PABAR.EXPOST.CO.ID, FAKFAK – Wacana pengendalian distribusi dan konsumsi minuman keras (miras) kembali mengemuka di tengah masyarakat Papua, khususnya di Kabupaten Fakfak. Salah satu gagasan yang mencuat adalah pendekatan regulatif yang tidak melarang total penjualan miras, tetapi menerapkan kebijakan tarif pajak progresif dan harga terkontrol sebagai bentuk pengetatan distribusi.
Usulan ini muncul dari kelompok masyarakat sipil yang menginginkan adanya perdamaian dan kesejahteraan jangka panjang di Tanah Papua. Dalam skema yang diajukan, miras tetap diperbolehkan dijual, namun harus tunduk pada peraturan daerah (Perda) yang disepakati bersama oleh pemerintah daerah, DPRK, tokoh agama, tokoh adat, aparat TNI-Polri, dan para pelaku usaha minuman beralkohol.
Skema Harga Turun dan Pajak Naik
Gagasan pengaturan ini mengusulkan sistem harga miras yang turun secara bertahap setiap bulan, dengan tarif pajak yang meningkat secara progresif hingga mencapai 100 persen. Berikut rincian skemanya:
Golongan A: Harga awal Rp500.000 per botol, turun menjadi Rp400.000 bulan berikutnya, sementara pajak naik menjadi 50%. Selanjutnya, harga terus diturunkan hingga Rp300.000, dengan pajak naik hingga 55%. Proses ini terus berlanjut sampai pajak mencapai 100%.
Golongan B: Dari harga awal Rp400.000, turun menjadi Rp200.000, dengan pajak 50%. Bulan berikutnya harga menjadi Rp100.000 dengan pajak naik menjadi 70%, dan terus meningkat hingga mencapai pajak maksimum.
Golongan C: Harga dimulai dari Rp200.000 dan turun ke Rp100.000, sementara pajak naik dari 50% ke 70%, dan terus naik hingga 100%.
Minuman Lokal (Milo): Wajib ikut dalam skema yang sama, dengan ketentuan harga bisa mencapai di bawah Rp10.000, bahkan hingga Rp5.000 per botol, namun tetap dikenakan pajak yang meningkat setiap bulan.
Dukungan Meluas dan Transparansi Informasi
Regulasi ini, menurut pengusul, harus dituangkan dalam bentuk Perda yang disahkan oleh Bupati dan DPRK, serta melibatkan semua unsur pemangku kepentingan. Setiap kesepakatan dan penetapan aturan wajib ditandatangani dan disosialisasikan secara luas kepada masyarakat.

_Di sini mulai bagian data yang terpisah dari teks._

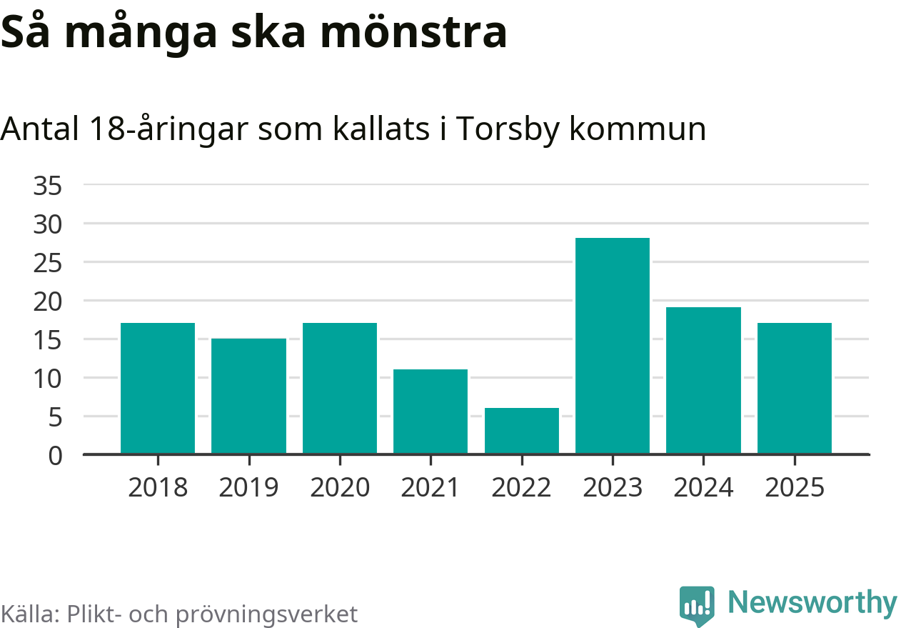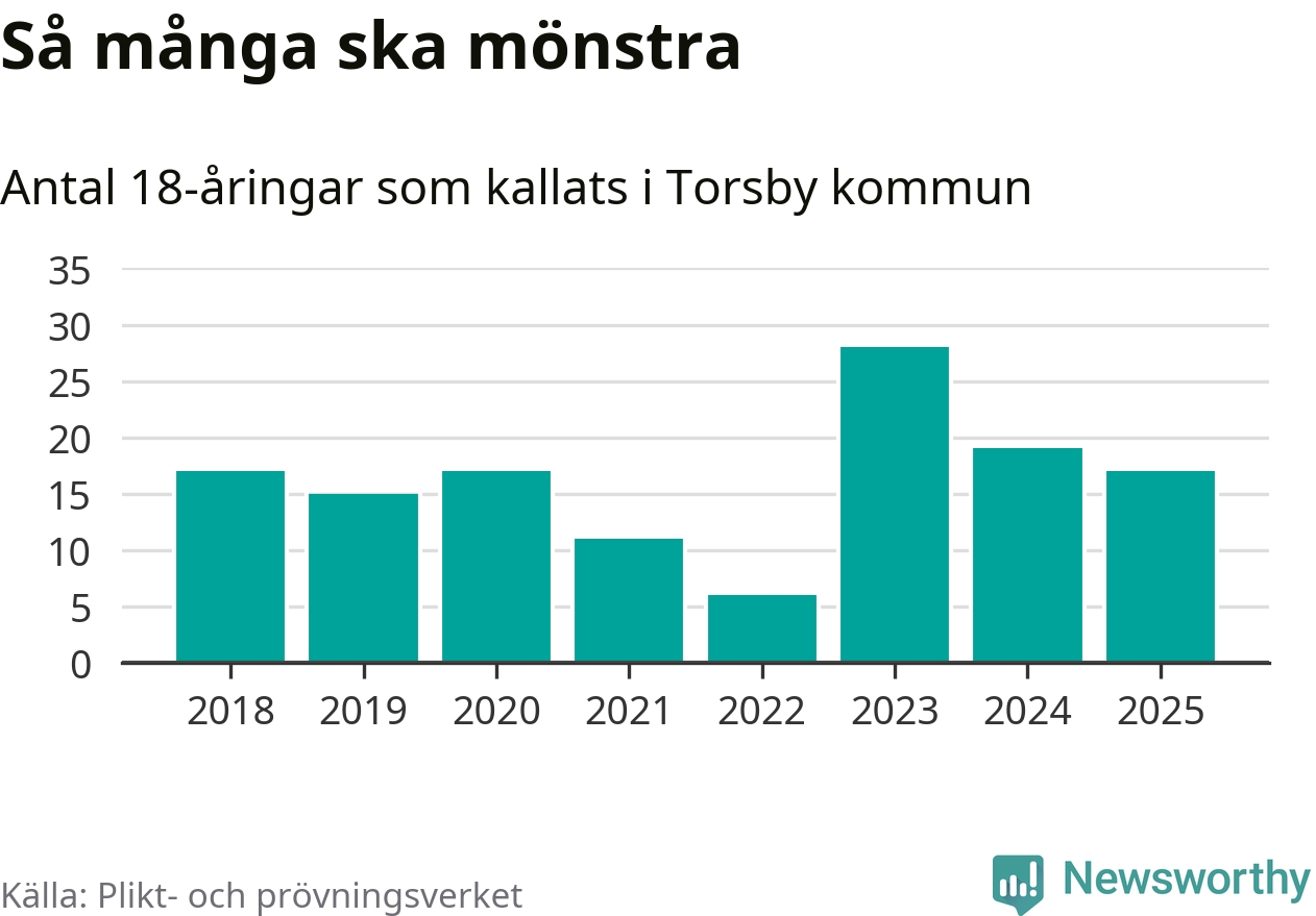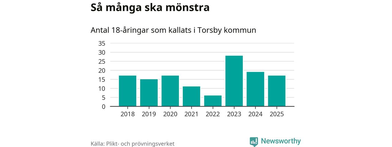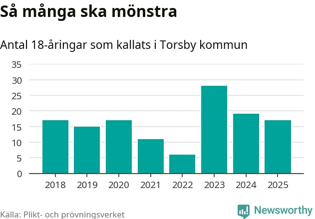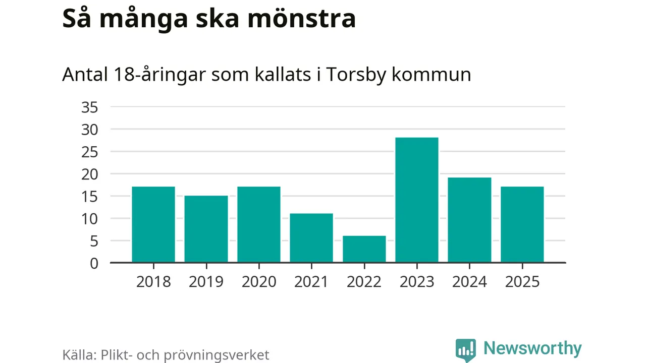 Nu kallas omkring 28 200 svenskar födda 2007 till mönstring. Och 17 av dem kommer från Torsby, enligt ny statistik från Plikt- och prövningsverket. Det innebär att var sjunde invånare i åldersgruppen i kommunen kallas till mönstring. Det är en lägre andel än i Värmland totalt. I riket som helhet kallas nästan var fjärde person i årskullen.

Selain itu, informasi tentang harga dan pajak miras setiap bulan harus dipasang secara terbuka di seluruh tempat penjualan miras. Pemerintah daerah juga diminta menyediakan nomor pengaduan publik bagi masyarakat yang menemukan pelanggaran harga maupun penjualan ilegal tanpa izin.
Sanksi Tegas bagi Pelanggar
Dalam rancangan tersebut, setiap penjual miras yang menjual di luar ketentuan harga resmi akan dikenakan denda 100% di luar pajak. Sementara penjual tanpa izin resmi juga akan dikenai sanksi serupa, termasuk pembayaran pajak maksimal sesuai kategori miras yang dijual.
Seruan Moral: Demi Papua yang Damai
Pengusul kebijakan ini menyatakan bahwa pendekatan semacam ini diyakini akan berdampak pada pengurangan peredaran miras secara alami, karena harga jual yang semakin murah berbanding terbalik dengan pajak yang kian memberatkan. Hal ini diharapkan bisa mendorong para penjual untuk menghentikan distribusi miras secara sukarela.
"Jika kita ingin Papua damai sampai Tuhan datang, maka kita harus menghentikan konsumsi minuman keras. Harus ada regulasi yang tegas untuk penjual, demi masa depan generasi kita," tulis pernyataan dari kelompok masyarakat yang menamakan diri “Anak Pulau”.
Pernyataan ini juga diakhiri dengan ajakan kepada seluruh masyarakat dan pemangku kepentingan untuk merenungkan dampak jangka panjang dari peredaran miras di Papua.
“Tuhan memberkati kita semua,” demikian penutup seruan moral tersebut.